→ **Task objective**:
Word for word, restate the records that come next, omitting the images.

→ **Records from a collection**:
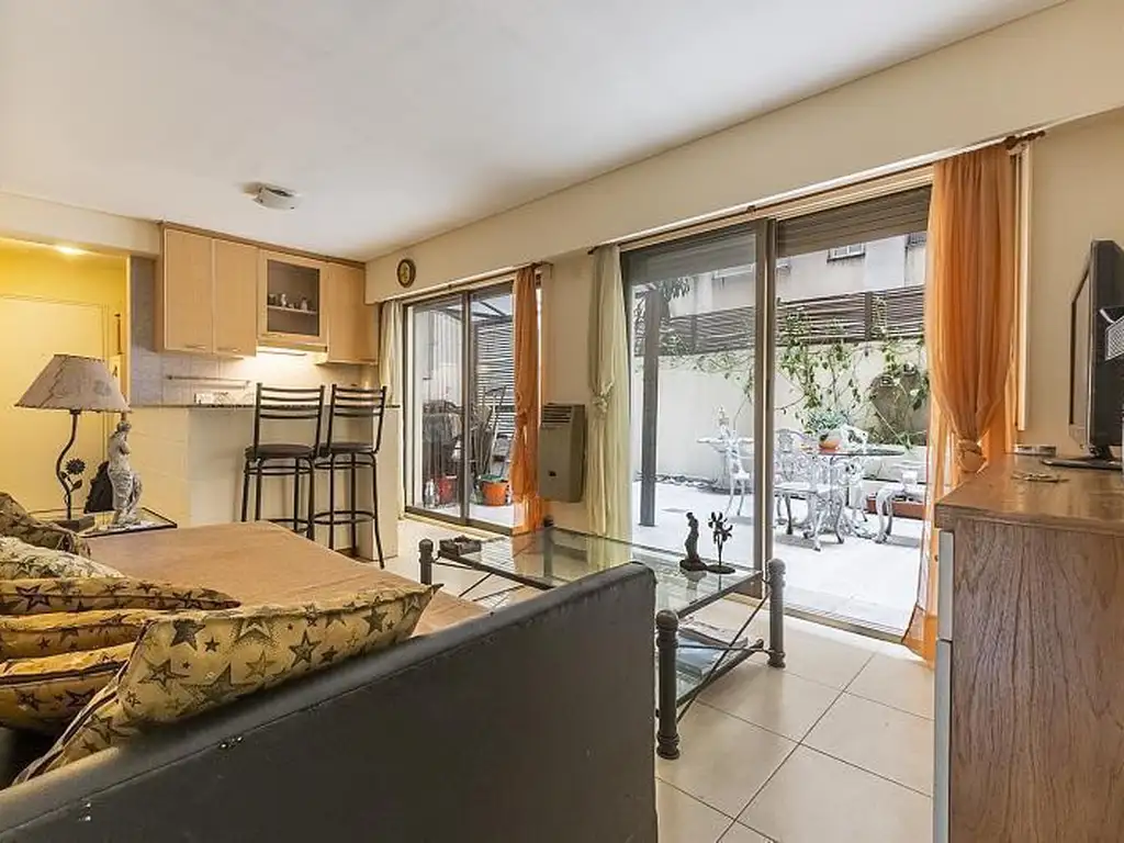 Living-comedor con cocina integrada y salida a patio privado
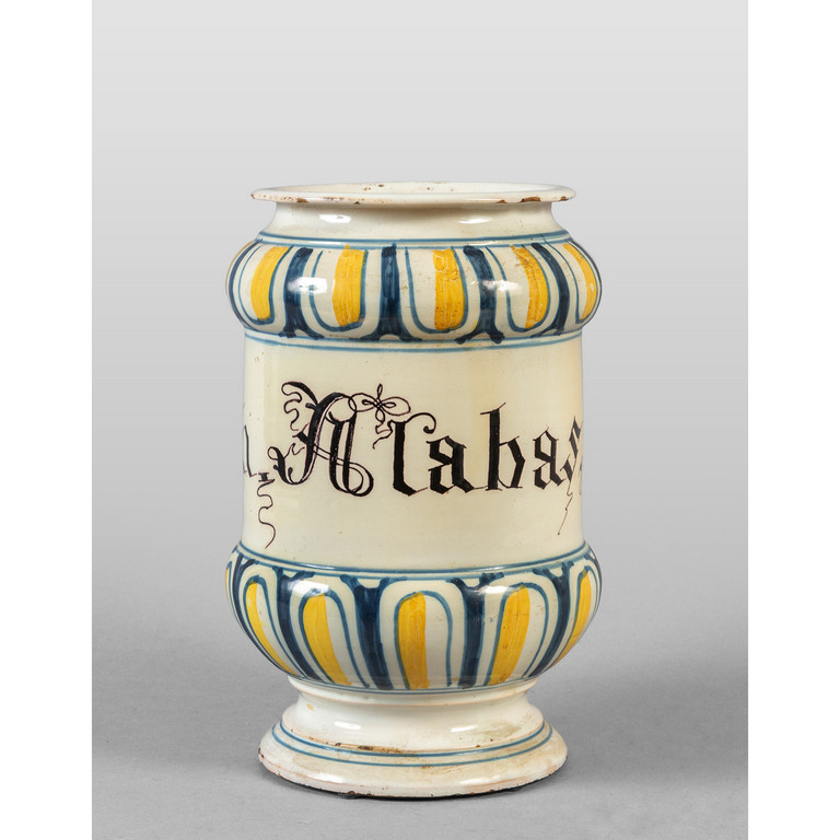 Albarello in ceramica decorato in policromia con scritta medicinale Bassano sec.XVIII
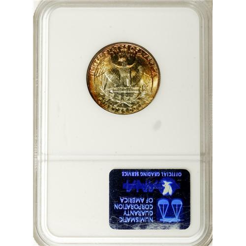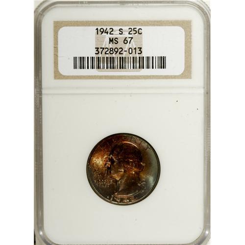 <B>1942-S 25C MS67 NGC.</B></I> Highly lustrous and sharply struck. Blue-violet, pink, and fiery reddish-orange patina covers the obverse, while the reverse has sunset-orange above and gold at the periphery, and the area around the perch is untoned. Tied for the finest certified by NGC (12/06).<BR><BR><b>Shipping:</b> Coins & Currency (<a target="_blank" href="http://www.heritageauctions.com/common/shipping.php">view shipping information</a>)
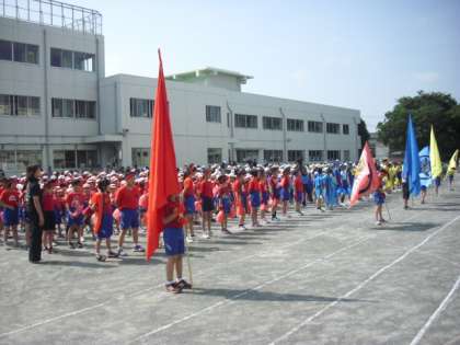 澄み渡る青空の下、スポーツフェスタが始まりました。各色とも一生懸命さが伝わってきます。
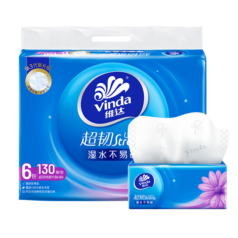 维达超韧抽纸3层130抽干湿两用家用卫生纸面巾纸餐巾纸整提装

→ **Written response**:
 Living-comedor con cocina integrada y salida a patio privado
 Albarello in ceramica decorato in policromia con scritta medicinale Bassano sec.XVIII
 <B>1942-S 25C MS67 NGC.</B></I> Highly lustrous and sharply struck. Blue-violet, pink, and fiery reddish-orange patina covers the obverse, while the reverse has sunset-orange above and gold at the periphery, and the area around the perch is untoned. Tied for the finest certified by NGC (12/06).<BR><BR><b>Shipping:</b> Coins & Currency (<a target="_blank" href="http://www.heritageauctions.com/common/shipping.php">view shipping information</a>)
 澄み渡る青空の下、スポーツフェスタが始まりました。各色とも一生懸命さが伝わってきます。
 维达超韧抽纸3层130抽干湿两用家用卫生纸面巾纸餐巾纸整提装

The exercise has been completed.